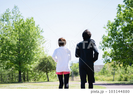 青空の下ランニングするカップル ジョギング、マラソンイメージ
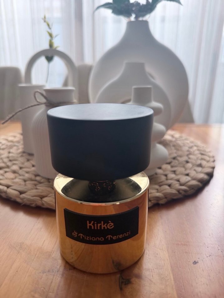 Kirke erkek parfümü, parlak altın şişede ve siyah kapaklıdır. Sıcak ve bohem bir tarz sunar. Etiketinde 'Kirke' yazmaktadır.
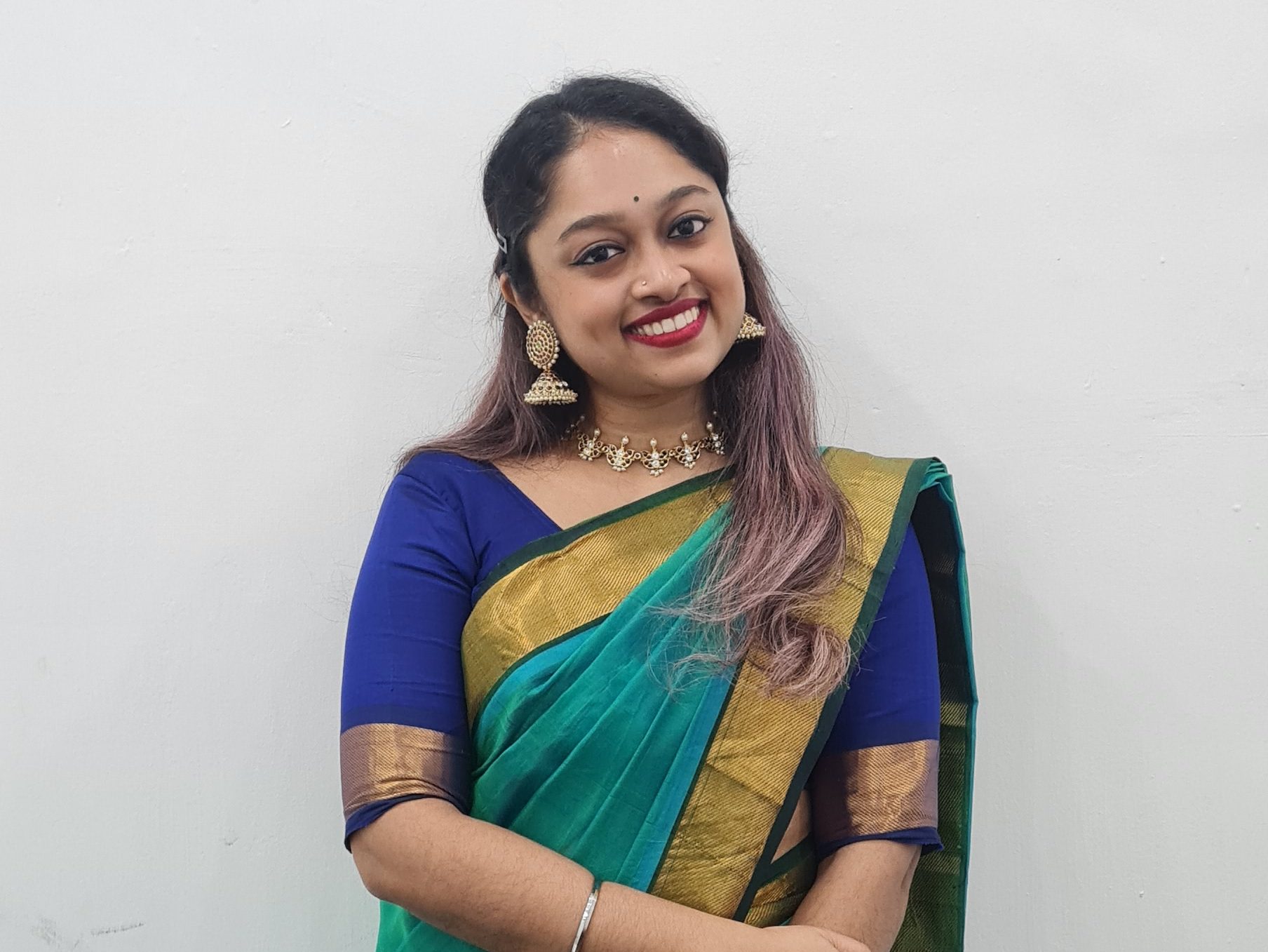 T Rishika Sherene, a student of Swarna Kala Mandir, has been learning Bharatnatyam from the age of 8 under the guidance of Acharya Swarna Varsha Gurumoorthy. She has performed in numerous events and temples for Navaratri festivals. Rishika also has taken part in online performance amidst pandemic and assisted in video productions. She also has taken part in Dance competitions in Singapore. Rishika has participated in various community and corporate events. She also had the privilege of performing in R K Swamy Hall, Chennai for Margazhi Natya Vizha in 2018. Recently she was a member of the thematic presentation “Krishnarpanam” representing Swarna Kala Mandir, staged at the Esplanade outdoor theatre during Kalaa Utsavam 2022. As a dynamic teacher, she creatively engages students in dance class and prepares them for exams, competitions and performances. As a student of media, she also assists in the institution’s video productions
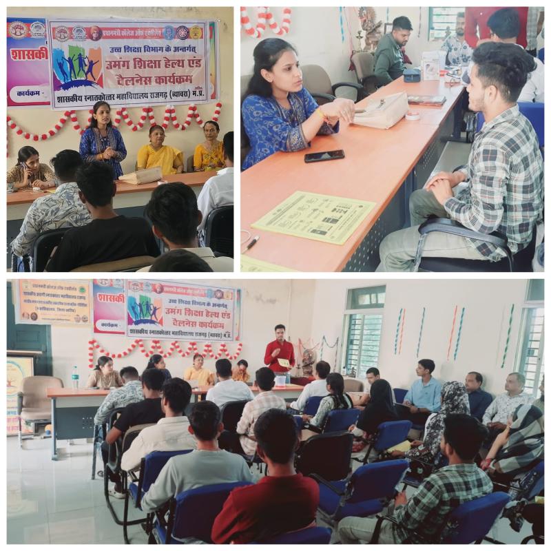 जिसमें मुख्य अतिथि के रूप में प्राचार्य खरे उपस्थित रहे स्वास्थ्य विभाग से उमंग स्वास्थ्य केंद्र की परामर्शदाता तनुषिखा अनंत के द्वारा युवाओं एवं किशोर के लिए शारीरिक और मानसिक स्वास्थ्य क्यों जरूरी है इस पर चर्चा की गई एवं जस्ट आस्क चैट बोट, टेली मानस हेल्पलाइन 14416 के बारे में बताया साथ ही साथ मनकक्ष प्रभारी राहुल राजपूत के द्वारा मनहित ऐप इंस्टॉल करवाया गया और मानसिक स्वास्थ्य और अन्य प्रकार डिसआर्डर के बारे में बताया गया साथ ही उनकी जांच स्वास्थ्य परीक्षण करवाया गया स्वास्थ्य शिविर के दौरान आंखों की जांच, ब्लडप्रेशर की जांच, शुगर की जांच स्वास्थ्य विभाग की टीम के द्वारा की गई एवं आवश्यकता अनुसार दवाइयां प्रदान की उमंग उच्च शिक्षा हेल्थ एवं वेलनेस कार्यक्रम का शुभारंभ 12 जनवरी 2025 को स्वामी विवेकानंद जयंती के अवसर पर मुख्यमंत्री मोहन यादव द्वारा युवा शक्ति मिशन के अंतर्गत किया गया था जिसके अंतर्गत मध्य प्रदेश के चयनित महाविद्यालयों का चयन किया गया है जिसमें पी एम श्री महाविद्यालय राजगढ़ की चयन किया गया स्वास्थ्य परीक्षण शिविर में महाविद्यालय से प्रोफेसर आभा आनंद ,राम गोपाल दांगी, उमंग उच्च शिक्षा हेल्थ एंड वैलनेस कार्यक्रम के प्रभारी सरफराज आलम, NSS प्रभारी शैलेंद्र मेवाडे एवं छात्र-छात्राएं उपस्थित रहे
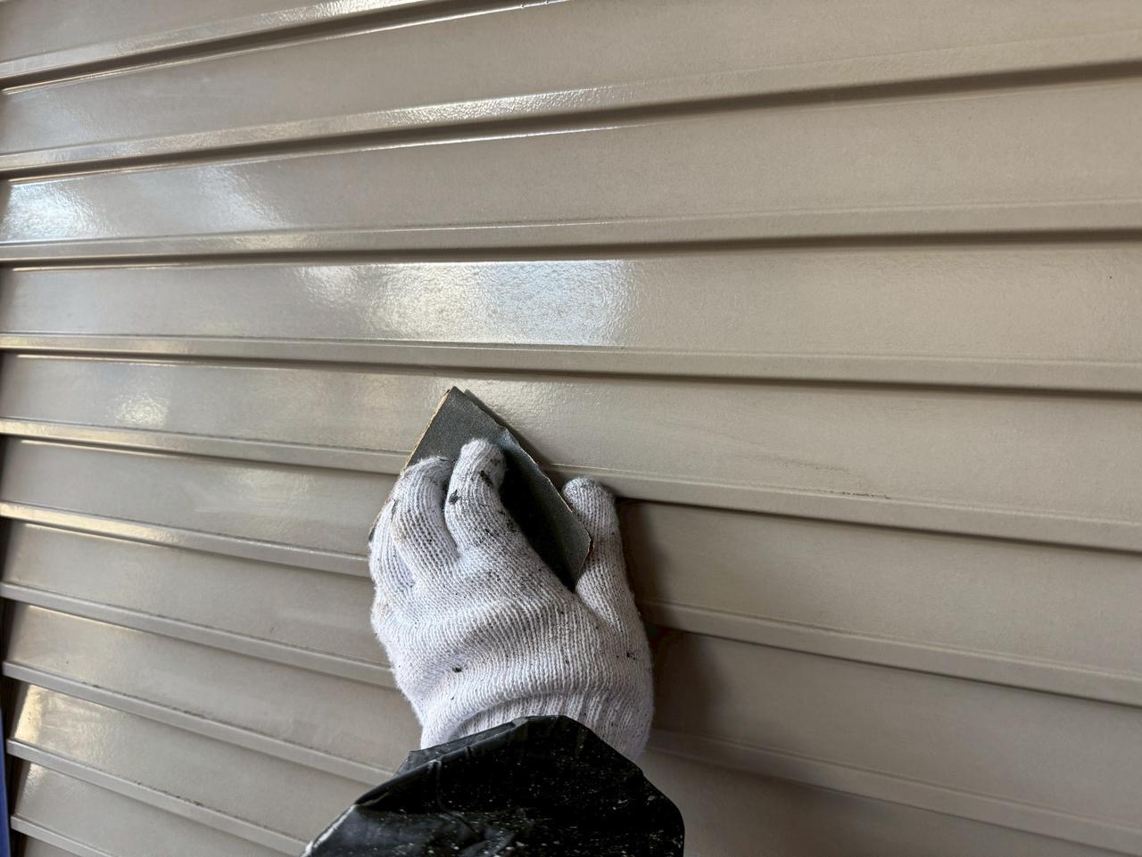 目粗しは、ケレンの程度が最も軽い状態の「ケレン4種」にあたる工程です。塗料の密着性を高めるのが主な目的で、鉄部の表面に細かな傷を付けることにより、塗料の接触面積を広げます。
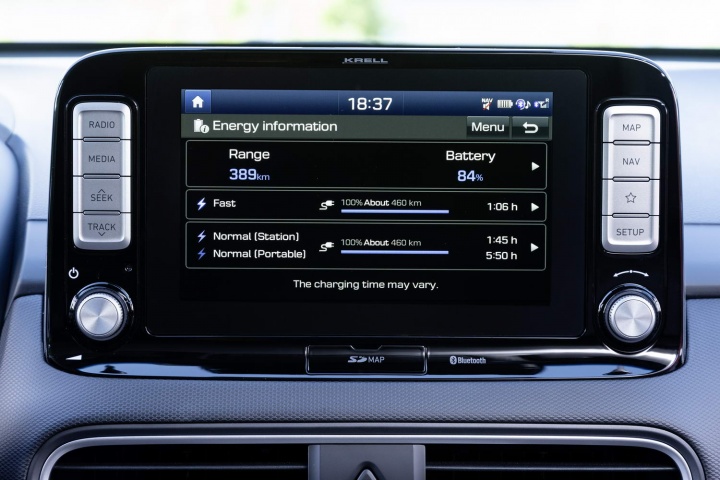 Officially, this 64kWh model will cover up to 449 kilometres between charges according to the more realistic WLTP test. Even accounting for real-world use during colder winter months, we still expect the Hyundai to deliver an impressive driving range per charge. If you could find a 100kW DC fast charger (and had it all to yourself), the Kona Electric is said to charge up to 80 per cent capacity in 54 minutes. Otherwise, its 7.2kW onboard charger will take 9 hours 35 minutes to charge for the 64kWh model, plugged into the mains, with the 39.2kWh variant taking 6 hours and 10 minutes on a similar charge. Unlike the Ioniq Electric, the Kona Electric has a liquid cooling system for the battery to keep it in a more stable condition. For colder climates, it also has a battery heating system.

Task description. Please return exactly the lines above, from where the listing starts to the line holding "T Rishika Sherene, a", inclusive, with the pictures omitted.

Answer box.
 青空の下ランニングするカップル ジョギング、マラソンイメージ
 Kirke erkek parfümü, parlak altın şişede ve siyah kapaklıdır. Sıcak ve bohem bir tarz sunar. Etiketinde 'Kirke' yazmaktadır.
 T Rishika Sherene, a student of Swarna Kala Mandir, has been learning Bharatnatyam from the age of 8 under the guidance of Acharya Swarna Varsha Gurumoorthy. She has performed in numerous events and temples for Navaratri festivals. Rishika also has taken part in online performance amidst pandemic and assisted in video productions. She also has taken part in Dance competitions in Singapore. Rishika has participated in various community and corporate events. She also had the privilege of performing in R K Swamy Hall, Chennai for Margazhi Natya Vizha in 2018. Recently she was a member of the thematic presentation “Krishnarpanam” representing Swarna Kala Mandir, staged at the Esplanade outdoor theatre during Kalaa Utsavam 2022. As a dynamic teacher, she creatively engages students in dance class and prepares them for exams, competitions and performances. As a student of media, she also assists in the institution’s video productions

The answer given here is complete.